La Superintendencia Financiera informó que, desde el próximo 31 de octubre, los establecimientos de crédito podrán empezar a recibir las solicitudes de los clientes que quieran que se les modifiquen las condiciones de tasa o plazo de los préstamos y las evaluará para que, dependiendo de la nueva realidad del usuario y sus condiciones específicas, se pueda tomar una decisión.

“Se deben establecer con claridad las condiciones financieras actuales del deudor con el fin de que se logre el mejor acuerdo con la entidad. La modificación de los créditos debe atender criterios de viabilidad financiera teniendo en cuenta el análisis de la capacidad real de pago del deudor, sin que ello implique el uso excesivo de periodos de gracia, es decir, periodos en los que los deudores solo hacen abonos a intereses”, precisó el ente de control, y añadió que no es obligación de las entidades hacer las renegociaciones.

(Lea: Desde octubre, deudores podrán renegociar las cuotas de sus créditos con los bancos). 
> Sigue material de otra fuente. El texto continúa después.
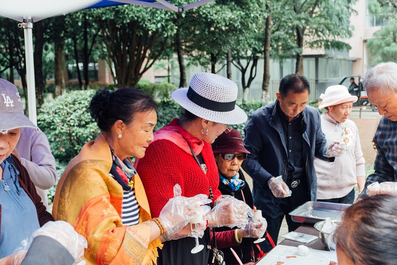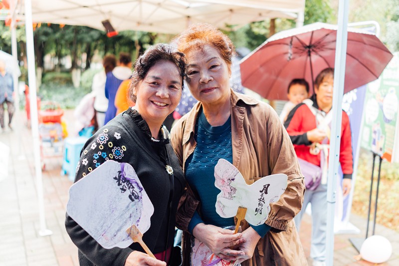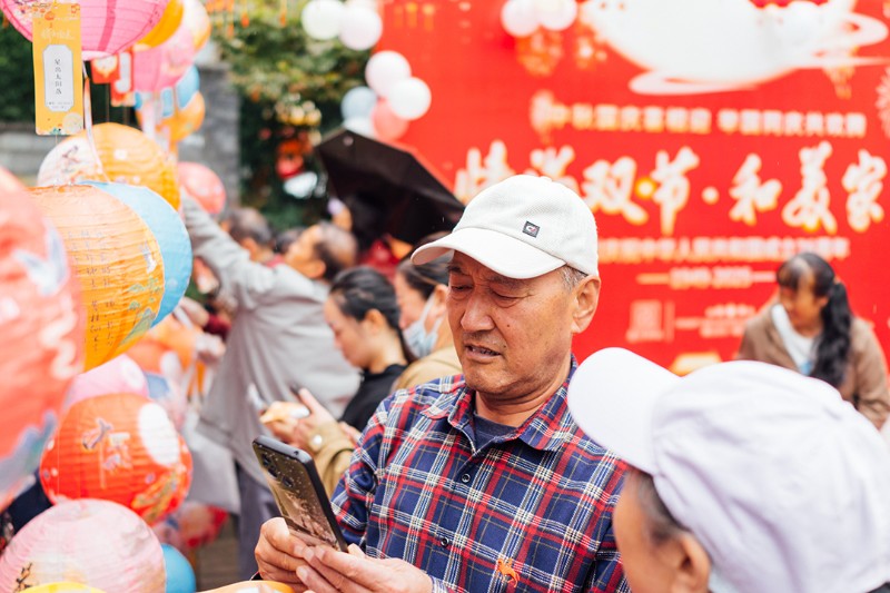 9月30日上午,泽惠园小区1栋前广场设置了漆扇体验区、月饼制作区和猜灯谜专区,现场人头攒动,欢声笑语不绝于耳。漆扇制作区,大朋友小朋友们手持素白的团扇,小心翼翼地将颜料滴入水中,看着色彩在水中自由舒展、交融变幻,再以巧思将扇面轻轻点入、提拉。顷刻间,一幅幅独一无二、流光溢彩的图案便定格在扇面上。“太神奇了!就像把中秋的月色和云霞都收进了这把扇子里,这是市面上买不到的艺术品,更是我们全家独特的节日记忆。”泽惠园小区住户李女士一边展示手里的团扇,一边欣喜地说。
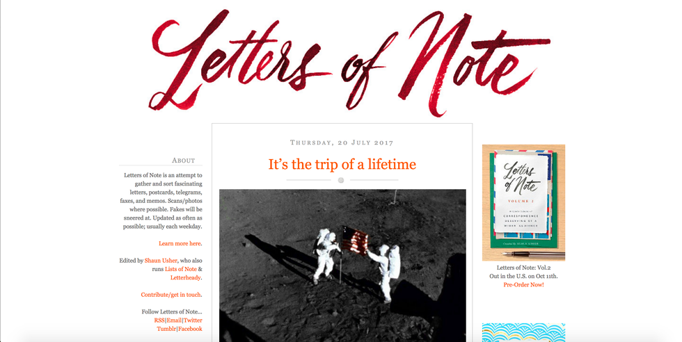 A really cool collection of interesting letters, notes, telegrams or other pieces of writing from around the world. Some of them are government related–such as the letter Buzz Aldrin wrote to a professor at the University of Maryland. Some are just adorable, like the letter a girl wrote to The Sun asking if Santa was truly real.
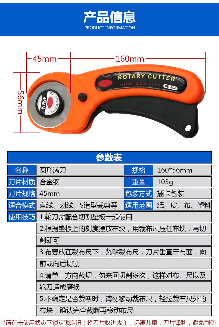Patchwork Hob Roller Knife 45mm Faca de Corte de Couro com Anel de Borracha Peça Lâmina de Corte Cabo Rolo
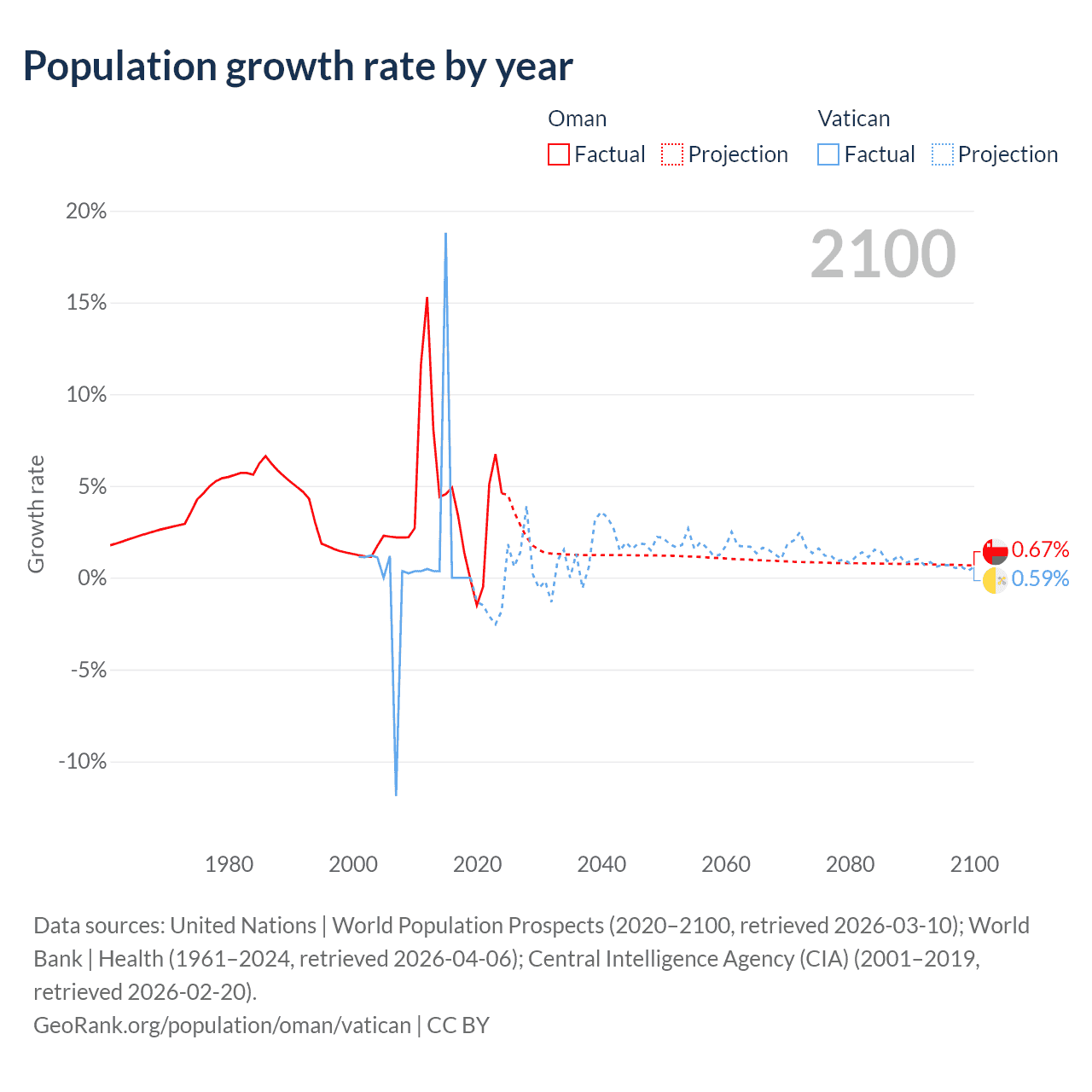 - For the last 10 years, Oman has had an average growth rate of +2.99% per year vs +1.9% in the Vatican.
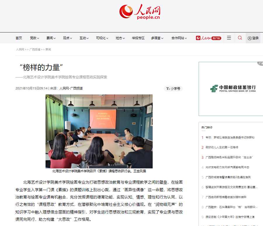 人民网:“榜样的力量” ——北海艺术设计学院美术学院绘画专业课程思政实践探索
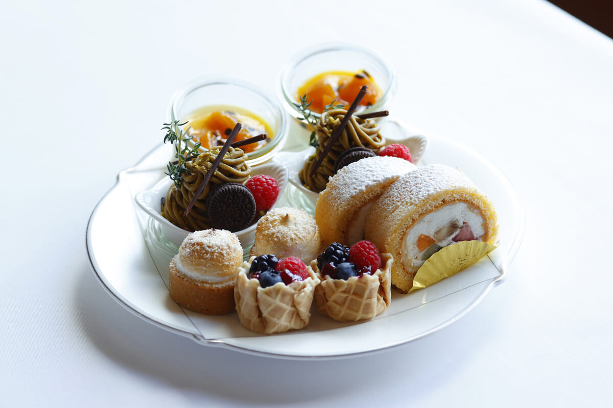 アフタヌーンティースタンド上段は、画像奥から時計回りに、「ベイクドレアチーズ アプリコットとパッションフルーツソース」、「ピスタチオのモンブラン」、「ミニフルーツロール」、「バスケットルージュ」、「ライムとココナッツのミニタルト」。
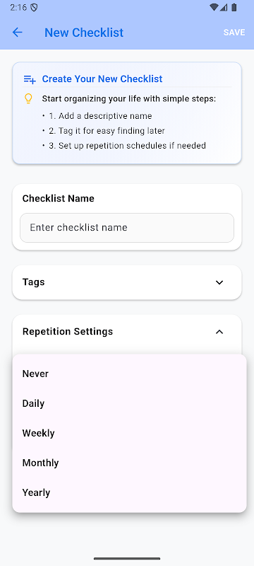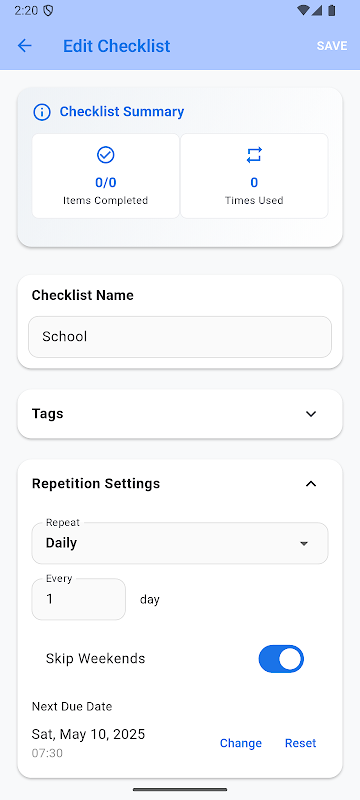 سمارٹ تکرار: روزانہ، ہفتہ وار، ماہانہ، سالانہ، یا کبھی نہیں دہرانے کے لیے چیک لسٹ سیٹ کریں۔ عادات، بار بار چلنے والے کاموں، یا ان فہرستوں کو پیک کرنے کے لیے جو آپ اکثر استعمال کرتے ہیں۔
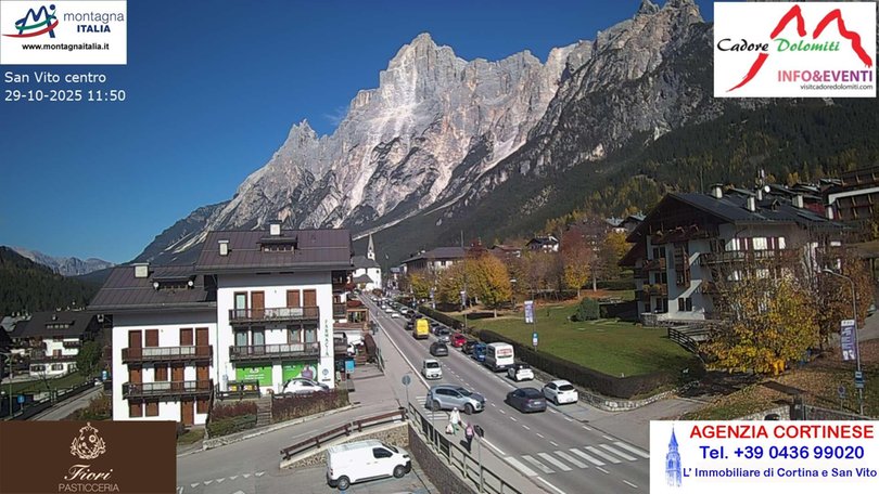 La webcam si trova sull’edificio che ospita la sede del Consorzio e Ufficio Turistico di San Vito di Cadore. Da questa webcam si vede il Corso Italia che attraversa il centro del paese. In fondo alla strada si intravvede la Chiesa di San Vito sulla quale svetta la Croda Marcora del Gruppo Sorapìs, una delle vette oltre i 3.000 metri delle Dolomiti.
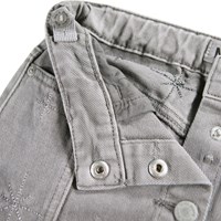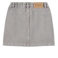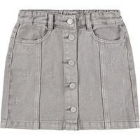 Grauer Baumwoll-Twillrock mit Knopfverschluss und silberner Stickerei. Der Rock reicht bis zur Mitte des Oberschenkels und hat eine Taille mit Gürtelschlaufen und Vordertaschen. Der schöne Schnitt umfasst detaillierte Nähte, die von den Taschen nach unten verlaufen. Kombinieren Sie ihn mit der passenden Jacke für einen vollständigen Look.

El ministro de Hacienda, Mauricio Cárdenas, explicó que el requisito principal para acogerse al beneficio es que la mora no supere los 60 días en los préstamos de consumo y microcréditos, y 90 días en los comerciales y de vivienda.

En ese sentido, de los 18,7 billones de pesos que hay actualmente en cartera vencida (el 4,4% del total), hay 7,9 billones de pesos que podrían ser objeto de renegociación, y que están representados en 594.000 créditos.
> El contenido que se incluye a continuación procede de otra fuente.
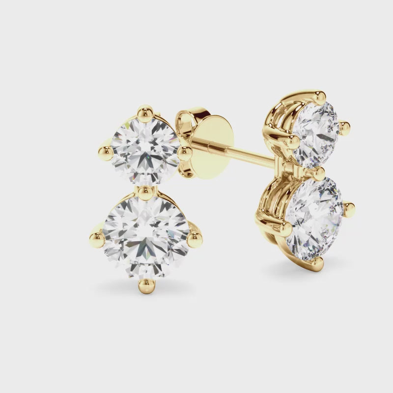 This stunning pair of round brilliant cut diamond stud earrings feature a 1.00ct Round Brilliant Cut Diamond and a 0.50ct Round Brilliant Cut Diamond set together for each ear. Exuding fluidity in its line work, and boasting an elegant silhouette, as with all the pieces in our Bespoke Collection, this piece is made especially for you.
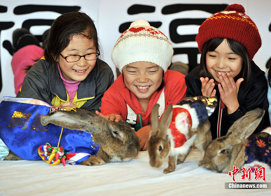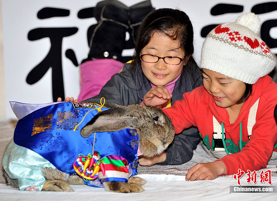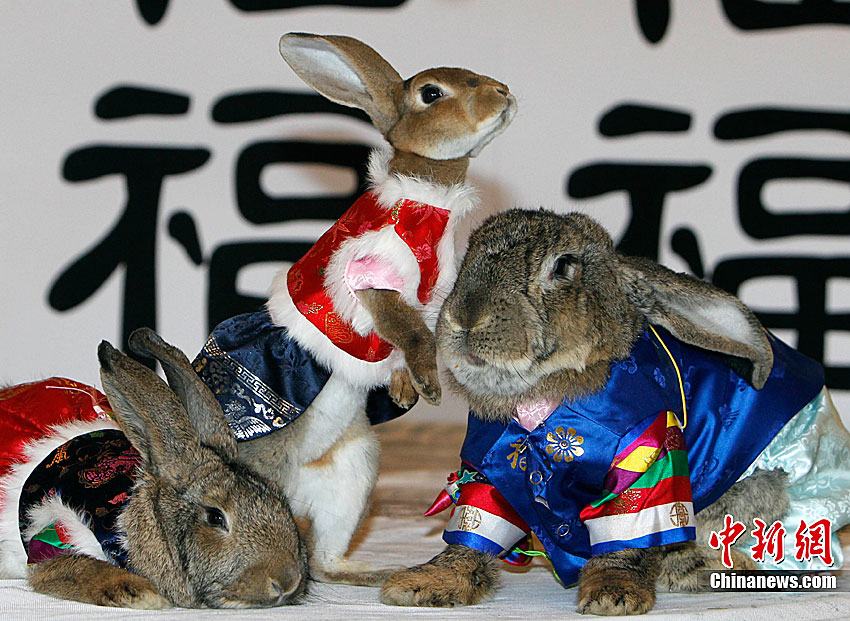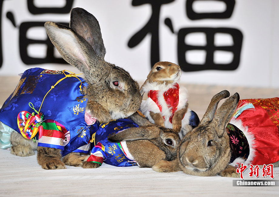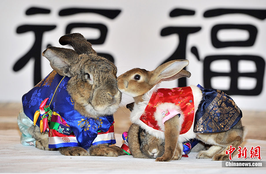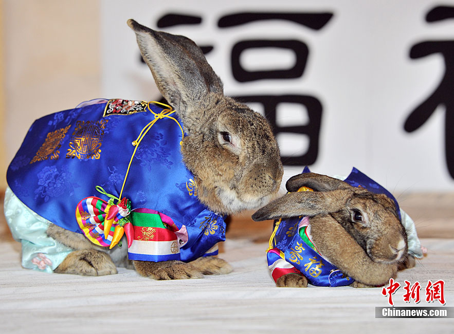 當?shù)貢r間12月16日,位于韓國京畿道龍仁市的愛寶樂園展出數(shù)只穿著傳統(tǒng)民族服飾“韓服”的兔子,迎接即將到來的兔年。
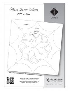 The Hosta Queen Quilt Mixer layout includes 6 distinct groups to create an 100” x 100” quilt. The components include a Leaf Center, a Leaf Border, a Clamshell Background, a Clamshell Border, a Swag Border, and an Outside Border. Quiltworx.com has designed a series of paper-pieced blocks that can be mixed and matched in each of these areas to create a quilt that is unique to you. When you click on the buy now button, each of the paper-pieced blocks will be listed separately for you to purchase only the ones you want to use. Please note that you will need to purchase the Hosta Wall Quilt Introduction booklet as well! However, if you are making a second mixer and already have the introduction, you will not need to purchase it again.
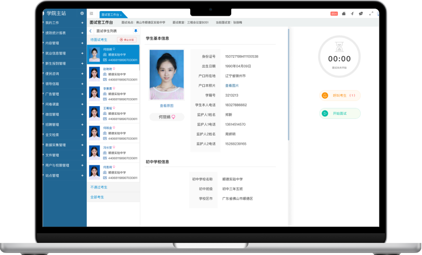 面試官工作臺(tái)支持叫號(hào)、考生未到場處理、開始面試、結(jié)束面試、錄入面試結(jié)果等操作,并提供倒計(jì)時(shí)及超時(shí)提醒功能。
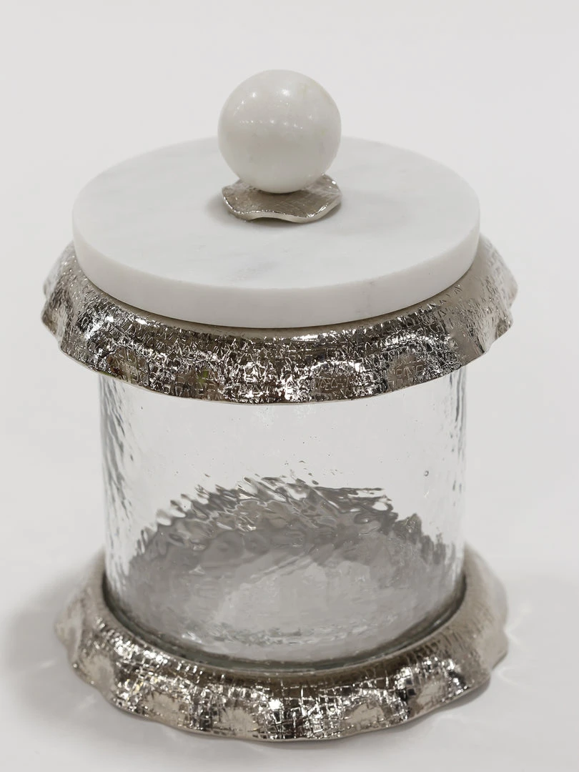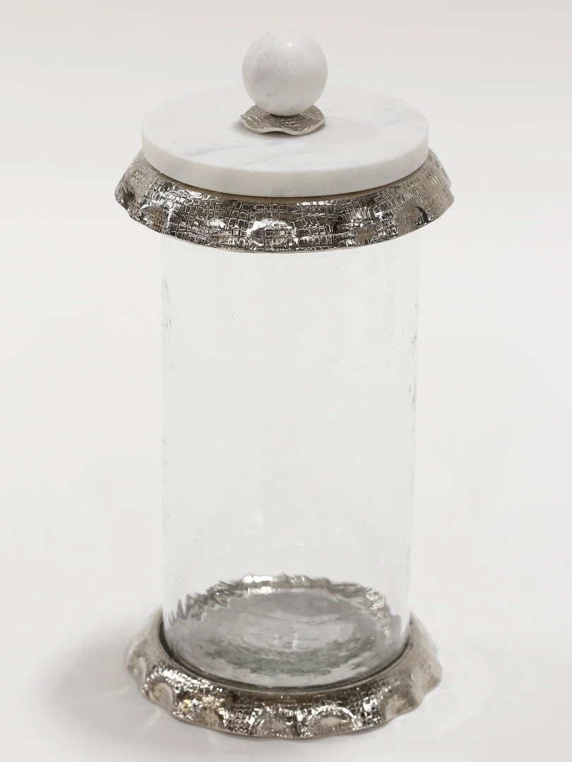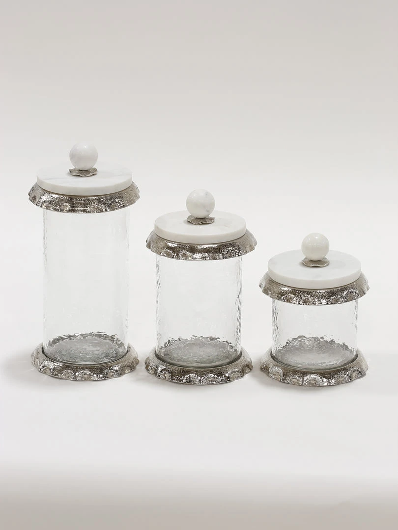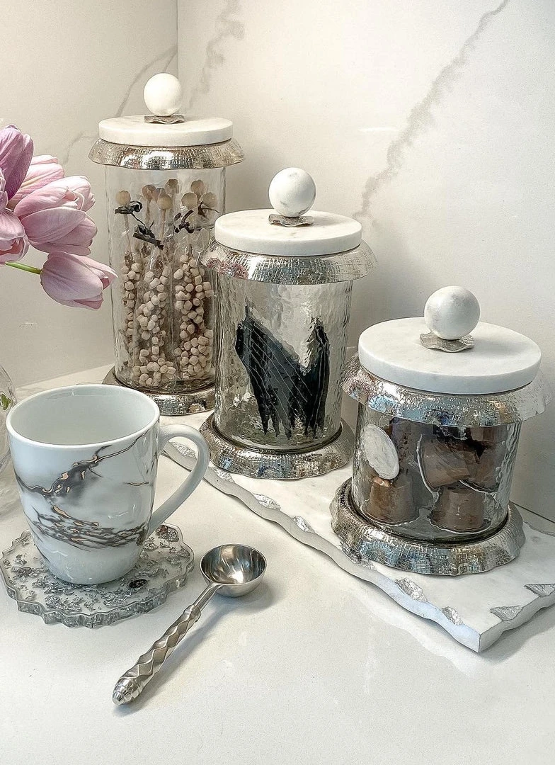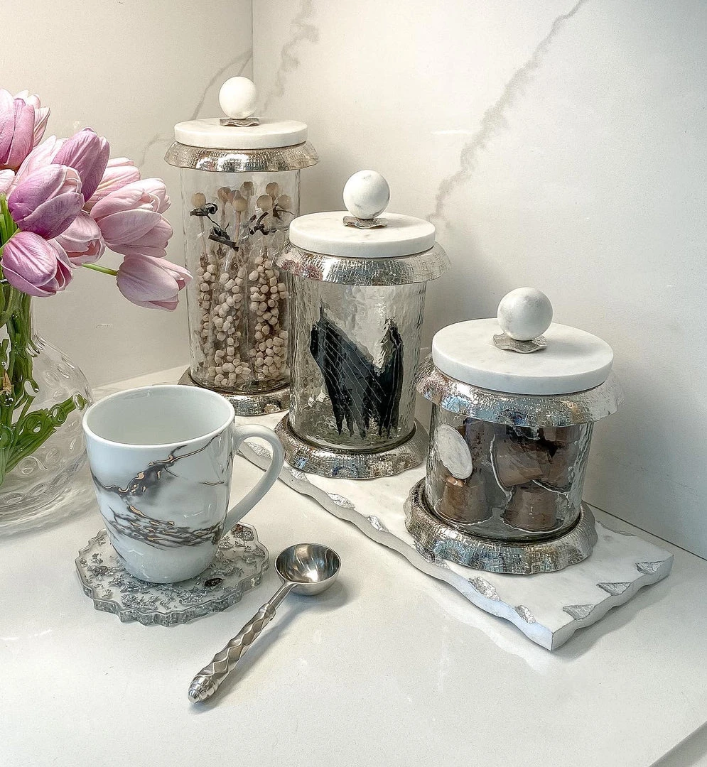 Beautiful glass container with real marble lid great for storing snacks, treats and anything that fits in the variety of three sizes!

Por modalidad, el grueso está en los préstamos de consumo (poco más de 347.000) y microcrédito (180.000), seguidos por vivienda (44.000) y comerciales (alrededor de 21.000).

Según el Gobierno, la ventaja de este mecanismo –que ha sido usado en la Unión Europea– radica en que no tiene las implicaciones de una reestructuración, es decir que el cliente no es reportado ante las centrales de riesgo, ni se obliga a que el banco haga provisiones.

La Superfinanciera recordó que las entidades deberán informar a los usuarios sobre las implicaciones en costos, calificación, tasas, plazos, plan de pagos y los efectos del incumplimiento. Si el usuario vuelve a ‘colgarse’, el crédito deberá pasar a un proceso de reestructuración.

PARA TENER EN CUENTA 

- Las condiciones que pueden ajustarse son las tasas de interés y los plazos.

- La norma no es una amnistía, sino que busca ayudar a facilitar los pagos con menos implicaciones tanto para el deudor como para la entidad.

- La tasa de interés será fijada por la entidad financiera de acuerdo con la evaluación de riesgo del deudor bajo las nuevas condiciones del crédito, así como las tasas de mercado.

- No es obligación que los bancos renegocien.